Music video service Vevo, which opened an office in the U.K. at the end of April, ranked ninth on Europe's list for unique visitors at 77.7 million and had 774 million page views and 11.8 minutes per user. In the U.S. Vevo was the 17th web property with 63.1 million unique viewers, according to comScore.
( Press release)


Not Enough Info-Graphics? USA Today Underwhelmed by y

-- Something other than unbridled praise for Spotify? Yes, it actually exists. USA Today tried out the service and had a few good things to day. But the reviewer cited a few major problems - one of them a "dealbreaker." An excerpt:

"Spotify's system for marking favorite songs and albums also needs some serious work. As it stands, all your favorite tracks appear in a single list, with no way to jump between artists or albums. If iTunes was laid out like this, it'd be unusable.
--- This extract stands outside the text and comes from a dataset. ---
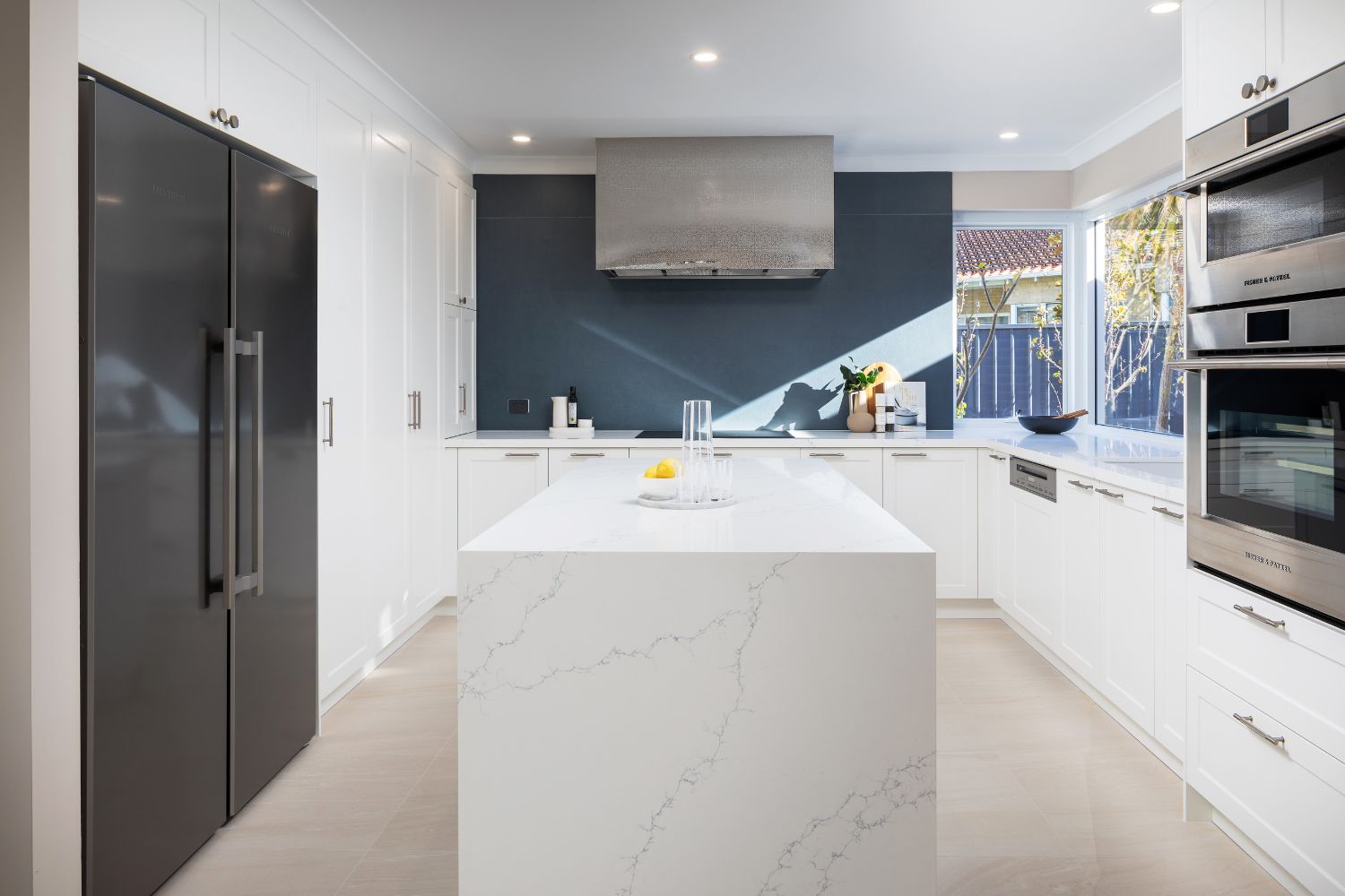 At its centre is a custom-patterned shroud by Qasair Rangehoods, bringing a sense of individuality and craftsmanship. The cabinetry was finished with handles featuring subtle embossing, a detail that rewards closer inspection. Benchtops with intricate blue veining add another layer of refinement and continuity, tying back to the porcelain surfaces. The result is a kitchen that feels prestigious and robust, designed for a client who loves to cook and entertain.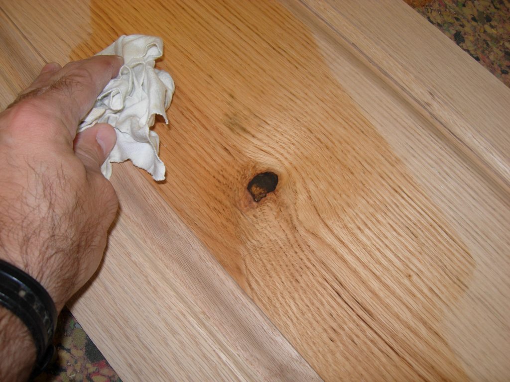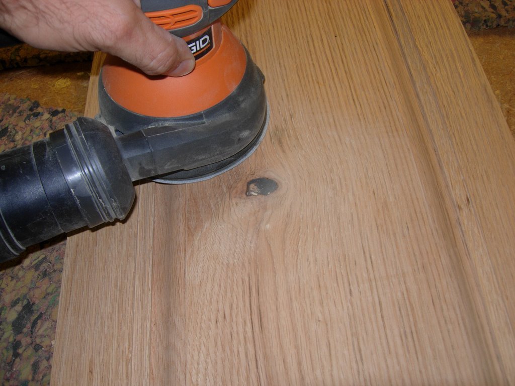 I sanded down the surface of the epoxy with my orbital finish sander, then cleaned up the dust with some Naphtha. Now the surface is smooth and the knot hole completely stabilized. Since the hole is now solid, it won’t collect any dust or snag any clothes either.

But the real deal-breaker for Spotify's mobile app is the lack of a radio function, which on other subscription music services lets you hear a random selection of songs by a single artist, or by related artists. For a service that's focused on discovering lots of new music, the absence of this feature is inexcusable."

In spite of these faults, the reviewer feels Spotify is worth using when the price is zero ("its free service is unparalleled"). However, the review recommended people interested in a premium level of service (presumably for the mobile apps) opt instead for MOG, a newer competitor, or Rhapsody, a fine product that mainstream American consumer have shunned for years.

A USA Today review of Spotify provides valuable insight. It better represents the opinion of the average America than the reviews of tech and music industry commentators. In fact, the paper claims 50% of its web site visitors are age 35 to 54 and 49% are either top or middle managers. For Spotify - or any service - to gain a foothold in the mainstream, it needs to meet the needs and expectations of a wide range of people. And some of those people probably read the USA Today.